The Lustgarten Foundation has awarded Columbia University’s Herbert Irving Comprehensive Cancer Center (HICCC) a three-year grant, as part of its Translational Clinical Program, to test a new precision medicine approach to the treatment of metastatic pancreatic cancer.

“The prevailing model in personalized cancer treatment is to attack the DNA mutations that are believed to be driving an individual patient’s tumor,” says principal investigator Kenneth P. Olive, PhD , assistant professor of medicine and pathology & cell biology at HICCC. “While this approach has been astonishingly effective for a handful of rare cancers, we expect it will only work for a very small fraction of patients with the most common types of cancer.”

Pancreatic ductal carcinoma (PDA)—the most common form of pancreatic cancer—is a case in point. Researchers have identified few genetic drivers in pancreatic tumors, and the most common driver ( KRAS ) is not easily targeted. Conservatively, only about 15 percent of PDA patients are likely to benefit from conventional DNA mutation-based precision medicine therapies and most of these will either not respond or will relapse with a drug-resistant form of the disease.

“Our study takes an entirely new approach,” says Dr. Olive. “Instead of looking at the mutations encoded in a tumor’s DNA, we analyze the tumor’s RNA. Since RNA is the tissue-specific ‘working copy’ of a cancer cell’s DNA, it’s a more accurate reflection of the genetic programs that are active in a tumor and critical for its survival.

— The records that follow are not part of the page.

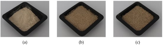 Based on the obtained amount of each PPeel fraction, sieved PPeel was divided into five different fractions/classes: 0–53 μm, 53–125 μm, 125–250 μm, 250–315 μm, and 315–500 μm grain size. In addition, one class was formed using PPeel powder that had not gone through the sieving process, to represent the whole, unclassified material. Fractions of dried PPeel powder were stored in sealed vacuum bags (320300, GUDE GmbH, Rheine, Germany) at room temperature (~22.5 °C and ~35% r.h.) prior to further use.
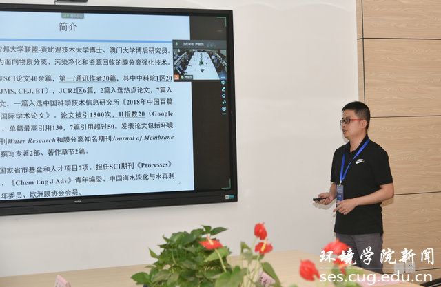 副院长柴波向参加第六届国际青年学者地大论坛环境分论坛的国际青年学者介绍吃瓜网 ,副院长孙自永作吃瓜网 科研平台介绍。
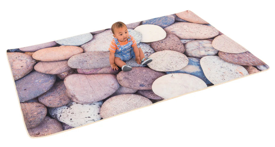 This soft memory foam mat features a pebbles design, offering comfort and sensory exploration.
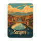 En nostalgisk och evakuerande skildring av Sarajevo, huvudstaden i Bosnien och Hercegovina, som belyser landets rik och olika kulturella influenser. Utformningen har stadens ikoniska landmärken, bustiga gator och en blandning av ottomansk och österrikisk-ungersk arkitektur, som alla återges i en vintage stil. Den här teckningen fångar det väsentliga i Sarajevos unika karaktär och historiska djup.
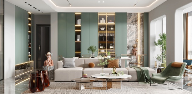04-现代客餐厅,客厅沙发茶几
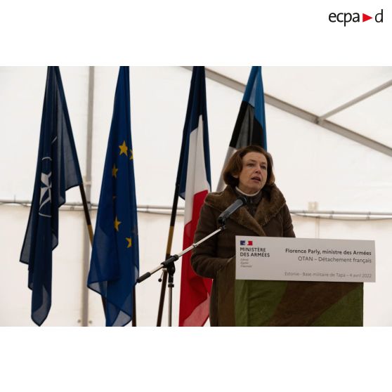 La ministre des Armées Florence Parly prononce un discours à Ämari, en Estonie.
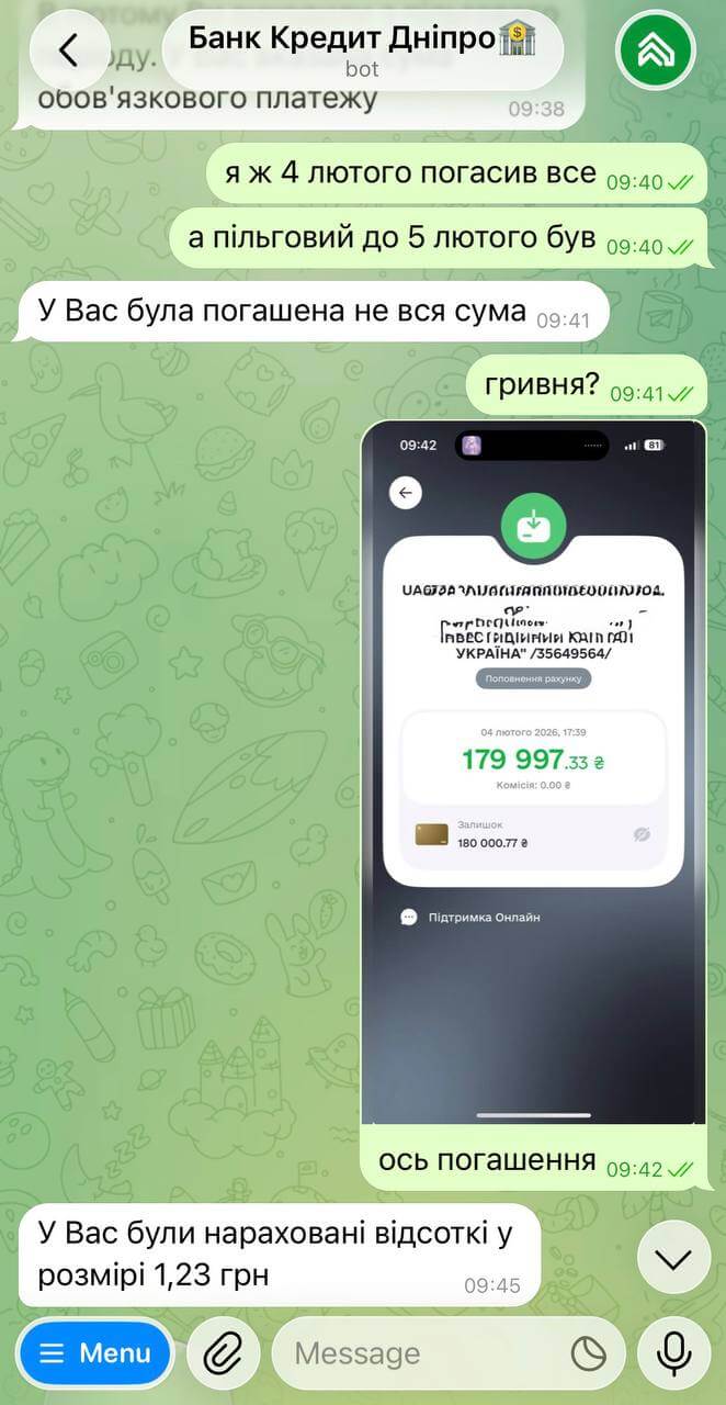 Клієнт здійснив оплату товарів на суму 179 997 грн, використовуючи кредитний ліміт. План був стандартний: закрити заборгованість у межах пільгового періоду та уникнути відсотків.
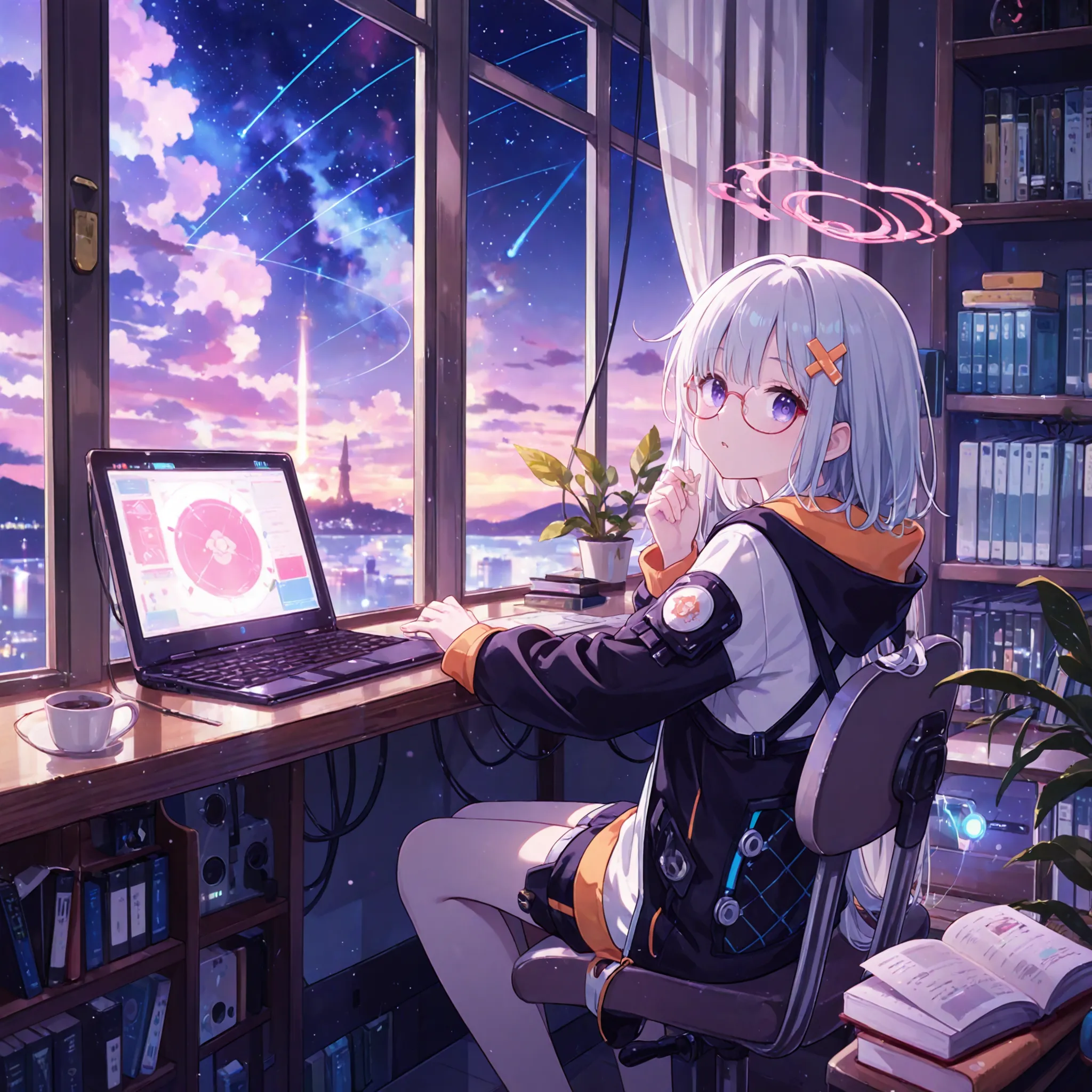 Bienvenido a Scholar's Corner, tu estudio personal para crear el perfecto, retrato de estudio acogedor.Nosotros proporcionamos la estrella: una encantadora y estudiosa erudita, siempre enfocada en su trabajo. Usted le proporciona su mundo. Design a magical liesary, una nave espacial futurista, o una habitación de dormitorio soleada. Describe su atuendo, la vista desde su ventana, y el estado de ánimo de su sesión de estudio, and our creative engine will esing your vision to life in a beautiful, Suave, Estilo de arte pastel.Su enfoque es constante. Su mundo es tuyo para diseñar.
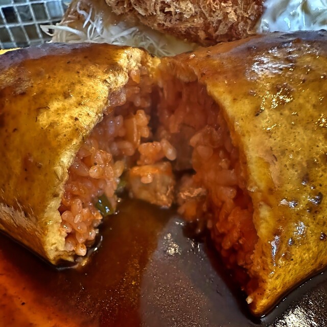 チキンライス(ケチャップ)とデミグラスソースが上手く共存してま
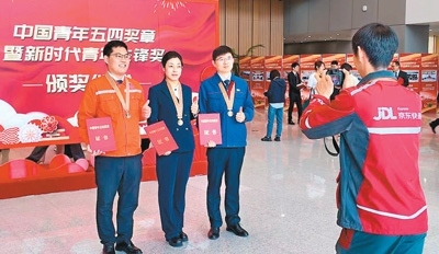 2025年4月30日,中國青年五四獎章暨新時代青年先鋒獎頒獎儀式在京舉行。趙亞杰(中)在頒獎現(xiàn)場合影留念,拍攝照片的是快遞小哥欒玉帥,他也獲得了2025年度中國青年五四獎章。
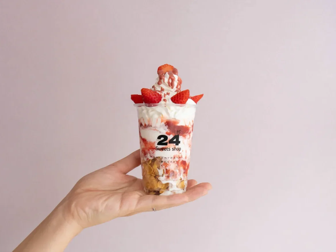 24スイーツショップの最大の特徴は、なんといっても24時間購入可能ということです。アイスの種類も豊富で、15種類のフレーバーがあります。特に人気のフレーバーは、イチゴ尽くしの「苺づくしのソフトクリーム」や、ぷるんぷるんの絶品わらび餅が入った「抹茶づくしソフトクリーム」です。
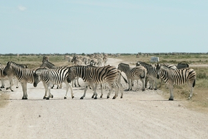 die Straße von einer riesigen Zebraherde blockiert. Auch Springböcke gab
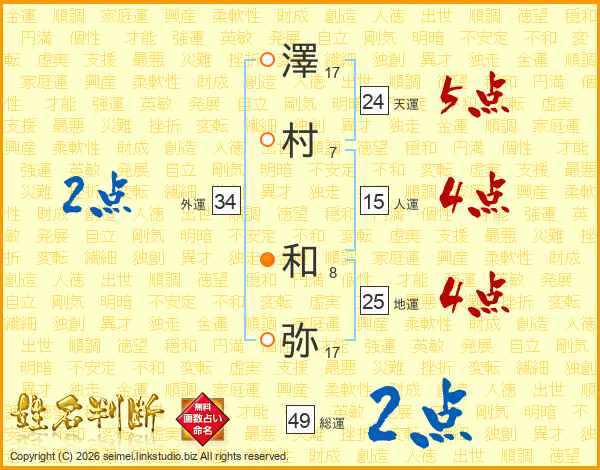 澤(17画)村(7画) 和(8画)弥(17画)
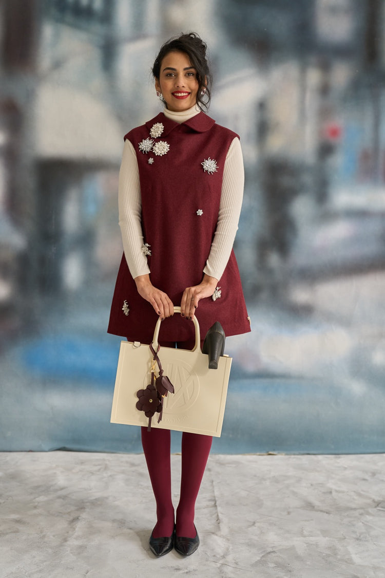 • Rounded Collar: A sweet detail that adds a touch of elegance with its Peter Pan flair.
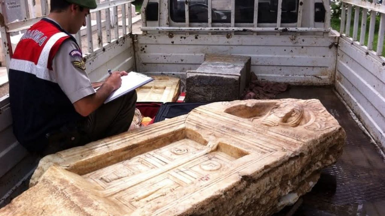 Bursa İl Jandarma Komutanlığı ekipleri, Orhaneli-Harmancık kara yolunda bir kamyoneti şüphe üzerine durdurdu. Araçta yapılan aramada brandanın altında aslan başı heykeli, Roma Dönemi’ne ait olduğu düşünülen tapınak taşı ile mezar steli ve rölyef ele geçirildi. Jandarma, araçta bulunan 3 kişiyi gözaltına alırken, ele geçirilen tarihi eserleri ise Bursa İl Müze Müdürlüğü'ne teslim edildi. (DHA)
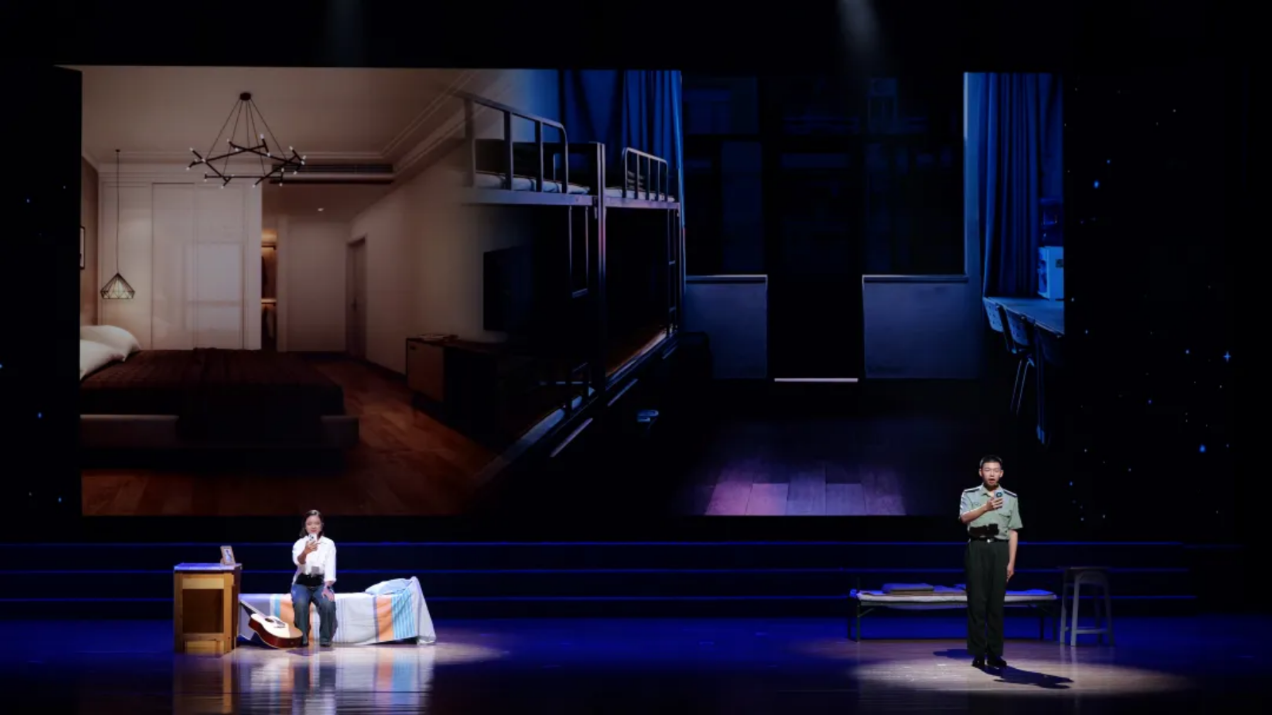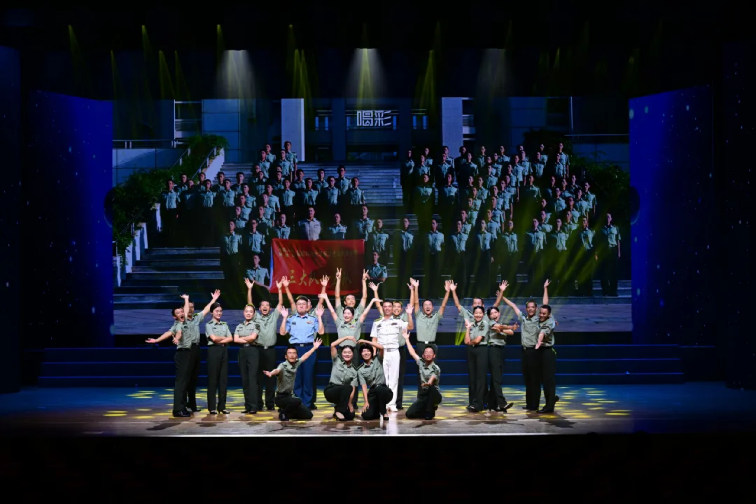 器乐表演《军校一日》的舞台上
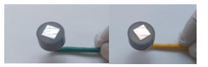 Chuẩn bị các mẫu điện cực làm việc: Điện cực làm việc là các mẫu kim loại hình vuông làm bằng thép CT3 và đồng M1 có kích thước cạnh 10 mm, dày 3mm. Mẫu kim loại được hàn với dây dẫn bằng đồng có vỏ bọc cách điện. Mẫu sau đó được đúc vào nền nhựa epoxy hình tròn đường kính 21 mm (Hình 1). Bề mặt các điện cực làm việc được mài phẳng bằng giấy nhám thô P-800, sau đó giấy nhám mịn P-2000. Sau đó mẫu được rửa sạch bằng ethanol 96% và acetone, để khô và bảo quản trong bình hút ẩm. Các mẫu điện cực được nhúng vào dung dịch ức chế ăn mòn ĐB-2.1 với các nồng độ khác nhau 15; 25; 35; 45; 55 g/L. Đối với mỗi loại dung dịch ĐB-2.1 nhúng 03 mẫu điện cực làm việc. Thời gian nhúng mẫu điện cực vào dung dịch chất ức chế là 2 phút. Sau khi nhúng, mẫu được treo lên giá, để khô ở nhiệt độ phòng trong thời gian 24 giờ trước khi thử nghiệm.

We can then match the patient to approved and investigational drugs that inhibit those programs.”

The approach for matching patients to drugs based on their tumor RNA was developed by Andrea Califano, Dr. , chair of the Department of Systems Biology and a co-leader of the grant. In preliminary tests of this approach—called OncoTreat—on PDA tumor samples, the researchers identified at least one matching drug for 85 percent of patients. The approach has also been tested on other cancers and is the first NYS Department of Health CLIA approved RNA-based test to match patients to the full repertoire of FDA-approved and investigational drugs in phase 2 and phase 3 clinical trials. To date, three of four patients who received OncoTreat therapy have exhibited clinical responses.

“OncoTreat identifies drugs that can invert the activity of a novel class of cryptic cancer targets, called master regulator proteins,” says Dr. Califano. “These proteins, which are conserved within large subsets of cancer patients and represent the ‘engine room’ of the cancer cell, are responsible for integrating the effect of individual genomic alterations and for making the cancer cell impervious to a wide range of perturbations, including those resulting from conventional drug treatment. By targeting the ‘engine room’ of the cancer cell, we hope to develop more universal and more effective treatment.”

The primary goal of this phase 1b clinical trial is to assess anti-cancer activity of OncoTreat-predicted drugs in 30 patients with recurrent PDA, on an individual patient basis. The grant will also support preclinical studies to develop optimized two-drug regimens for groups of PDA patients based on their OncoTreat profile. The program comprises a multidisciplinary team of clinicians, experimental biologists, and computational biologists working in close collaboration to deploy an entirely new approach to precision medicine in pancreatic cancer.

“PDA is a highly lethal disease with no truly effective treatment options,” says Dr. Olive. “New approaches to this disease are desperately needed.”

The Lustgarten Foundation, based in Woodbury, NY, is a leading private foundation dedicated to funding pancreatic cancer research.